Когда я, классе уже в пятом, наконец вырвался из постели и вышел, переваливаясь рыхлым телом на слабых ногах, на улицу, встретили меня насмешками. И во дворе, и в классе – особенно те, кто не приносил мне заданных уроков. Мы шли цепочкой между осевшими сугробами, я, в основном, следил за светло-русой косой Гали, шифрованным именем которой исписывал не только промокашки (а «Ялаг», кроме прочего, была аббревиатура: «Я люблю Аксенову Галю»). Поэтому не обратил внимания, с чего это Ниткевич стал ко мне придираться.

– Толстый! Жирный! Поезд! Пассажирный! – это мне? А сам-то какой противный, как масляный! – Чего морду воротишь? Хочешь, в морду дам? Смотрите, он уже испугался! – И Галя смотрит, и Лешка смеется, хотя ведь мы с ним вместе писали имена наших девочек на запястьях. – Не, он драться не будет, не надейся! Евреи все такие трусливые. У него, наверное, и отец такой… – Отец? Бабушка хранила в шкатулке главных своих сокровищ его суконный ефрейторский погон, привезенный с войны, и серебряную медаль «За отвагу!».

Я ударил с такой силой, что Ниткевич упал. Потом вскочил, тыльной стороной ладони вправил челюсть и убежал.

Второй раз, который помню, я был готов ударить уже в Москве, в общаге журфака. Люба сидела в кресле в холле, а мускулистый юрист Ибрагим тянул ее куда-то в свою компанию, в свою комнату, может быть. Она идти не хотела, он улыбался длинными черными ресницами и небритыми щеками и продолжал тянуть за руку, а улыбались ли его глаза – не понятно было из-за их блеска. Я влез. Он сказал: «Пойдем выйдем!» Мы зашли в туалет, он крутил кулаком и спросил меня: «Это твоя девушка? – Да! – Так бы и сказал!» И он вышел, а я остался, слегка обалдевший. Мы с Любой и знакомы-то толком не были.

Ну ладно, она, по крайней мере, через полгода стала моей женой. А вот зачем я полез защищать от «дикой дивизии» Светку – вообще не ясно. У Любы была, во всяком случае, незапятнанная репутация девушки, по выходным исчезающей из общаги, а Светкины похождения были у нас на глазах. Так что я не за нее вступился, и даже – не за свои возможные интересы. Хамство не понравилось.

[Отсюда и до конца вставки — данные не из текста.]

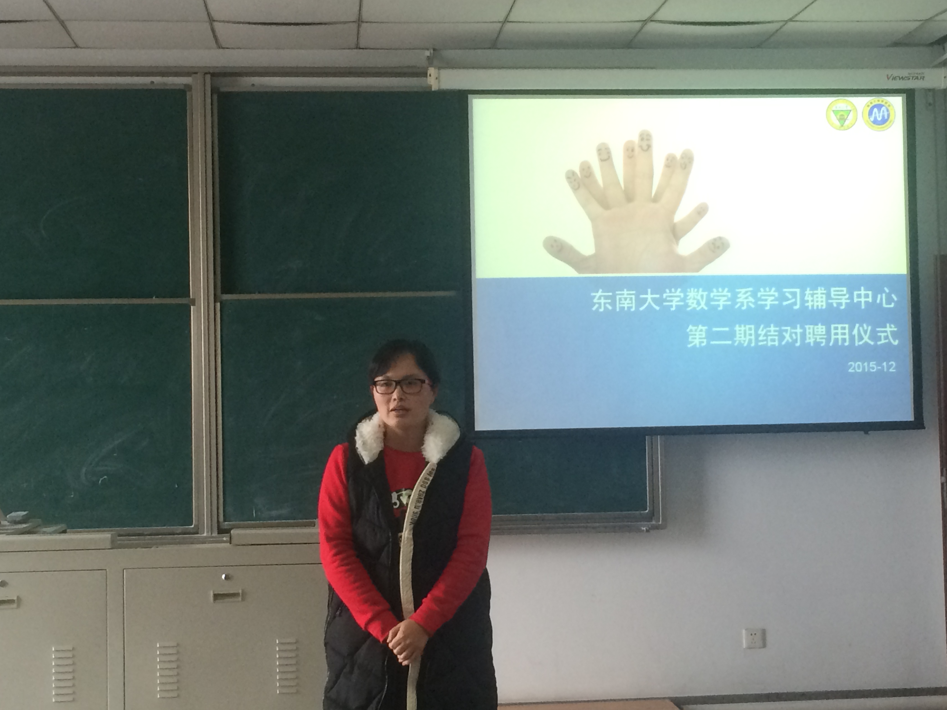 为了更好地促进我系2013级的学风建设,更好地架起学霸与学弱之间学习与情感的桥梁,数学系学习辅导中心第二期结对仪式于2015年12月24日圆满举行。数学系党委副书记曹海燕老师出席结对仪式,系团委书记、本科生第一党支部书记袁煜昶老师为13位辅导讲师颁发聘书和工作牌。 活动自今年12月正式启动,由数学系本科生第一党支部承办。期中考试以后,结合部分学生专业课成绩不是太理想的现状,正式启动了学习辅导中心第二期工程。在经过一段时间关于辅导讲师和学员的招募后,成功建立起“学优生―学困生”一助一的帮扶关系,打造“督学、助学、乐学”的帮扶平台,让每位同学都能学有所长,学有所用。 12月24日中午12时,数学系第一报告厅,学习辅导中心第二期结对仪式正式开始。会上,袁煜昶老师宣读了辅导讲师职责与学员职责,强调了辅导讲师对学员主要以陪同自习的形式开展辅导,通过自己身体力行的学习状态和方法促使学员探寻适合自己的学习方式,并确保在每次辅导过程中可以有耐心、有责任心地解答学员提出的各类相关课业问题。同时,袁老师也对大家提出了几点希望,辅导讲师应该对被帮扶同学的现状有深入的了解,对症指导;被帮扶的同学则应端正学习态度,直视自己的问题,勇于接受辅导讲师的帮助。 最后,袁煜昶老师为13名辅导讲师佩戴了工作牌,并颁发聘书。这是对辅导讲师工作职责的认可,更是一种激励,希望辅导讲师们能够担起这一职位所赋予的责任,用心、细心、耐心地完成这一任务。也希望通过我系学习辅导中心的共同努力,可以实现讲师与学员的共同进步与共同成长。(袁煜昶) |

И уже обреченно становился в подсмотренную в кино боксерскую стойку, когда из-за спины вылетел нежданный Вовкин кулак. Пьяный юрист упал, а Вовка, с которым мы жили в одной комнате и с тех пор уже сорок лет защищаем друг друга, сказал: «Опять пальцы выбил! Из-за тебя»

Точно помню, что меня один раз били, правда, не очень долго. В Уфе, у гостиницы «Башкирия». Мы шли вечером, почти ночью, вдвоем с моим другом Бессоновым. Каникулы кончались, ему надо было устраиваться на работу, а меня ждал выпускной класс, в ожидании этих хлопот мы и бездельничали, ходили на танцы и по знакомым девочкам. К тому времени нас в городе уже знали, поскольку я участвовал в телевизионных юношеских передачах, а он своим красивым мужественным лицом напоминал киногероя и потому на молодежных городских мероприятиях был заметен.

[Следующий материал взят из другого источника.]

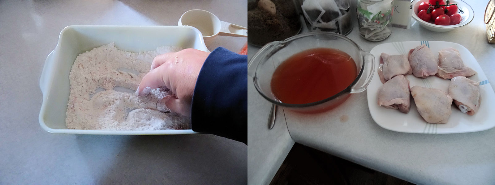 - With one hand, put a piece of chicken in the flour. With the other hand, scoop the flour over the chicken.

Греясь зябким вечером в лучах славы, направляемых девушками, вышедшими из кинотеатра «Родина», мы вдруг увидели толпу человек в двадцать. Среди них был другой широко известный юноша, Вовка Абросимов, теперь – народный артист на пенсии, а тогда – звукооператор на телестудии, который впоследствии нагибал к нам на передаче «журавля» с микрофоном. Как-то странно он кивнул в нашу сторону и прошел дальше – за красавицей Тамарой, они с тех пор лет сорок, как выясняют отношения. И кто-то из его свиты, не останавливаясь, вдруг въехал мне в ухо, второй ткнул в спину. А не ходи мимо чужих девушек по чужим улицам! Я и до этого сторонился подростковых стай, а с тех пор – и подавно. Хотя вряд ли теперь подростки воспринимают меня достойным для своей чистой агрессии объектом, разве что – корысти ради.

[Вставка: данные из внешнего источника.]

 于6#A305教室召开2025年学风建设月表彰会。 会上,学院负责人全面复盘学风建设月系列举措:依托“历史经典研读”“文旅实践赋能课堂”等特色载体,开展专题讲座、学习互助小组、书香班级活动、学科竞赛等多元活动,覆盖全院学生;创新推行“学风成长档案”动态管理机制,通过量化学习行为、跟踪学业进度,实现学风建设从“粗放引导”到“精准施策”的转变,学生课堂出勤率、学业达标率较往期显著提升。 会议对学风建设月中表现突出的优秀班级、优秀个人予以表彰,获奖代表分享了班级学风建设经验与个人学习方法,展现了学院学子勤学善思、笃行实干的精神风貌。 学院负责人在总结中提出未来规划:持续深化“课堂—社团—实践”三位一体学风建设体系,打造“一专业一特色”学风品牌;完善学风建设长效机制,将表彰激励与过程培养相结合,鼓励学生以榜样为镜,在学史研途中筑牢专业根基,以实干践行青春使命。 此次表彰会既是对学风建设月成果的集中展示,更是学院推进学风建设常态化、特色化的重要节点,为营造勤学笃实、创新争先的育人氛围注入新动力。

И все драки! Даже в армии, когда заступался за восемнадцать белорусов, которых в нашем взводе обижали восемь грузин, драться не пришлось – отношения выяснили на словах. Так и вырос, к тайной тихой своей радости, небитый, так и, в общем-то, состарился.

Перейти на страницу:

Похожие книги

120 дней Содома
120 дней Содома

Донатьен-Альфонс-Франсуа де Сад (маркиз де Сад) принадлежит к писателям, называемым «проклятыми». Трагичны и достойны самостоятельных романов судьбы его произведений. Судьба самого известного произведения писателя «Сто двадцать дней Содома» была неизвестной. Ныне роман стоит в таком хрестоматийном ряду, как «Сатирикон», «Золотой осел», «Декамерон», «Опасные связи», «Тропик Рака», «Крылья»… Лишь, в год двухсотлетнего юбилея маркиза де Сада его творчество было признано национальным достоянием Франции, а лучшие его романы вышли в самой престижной французской серии «Библиотека Плеяды». Перед Вами – текст первого издания романа маркиза де Сада на русском языке, опубликованного без купюр.Перевод выполнен с издания: «Les cent vingt journees de Sodome». Oluvres ompletes du Marquis de Sade, tome premier. 1986, Paris. Pauvert.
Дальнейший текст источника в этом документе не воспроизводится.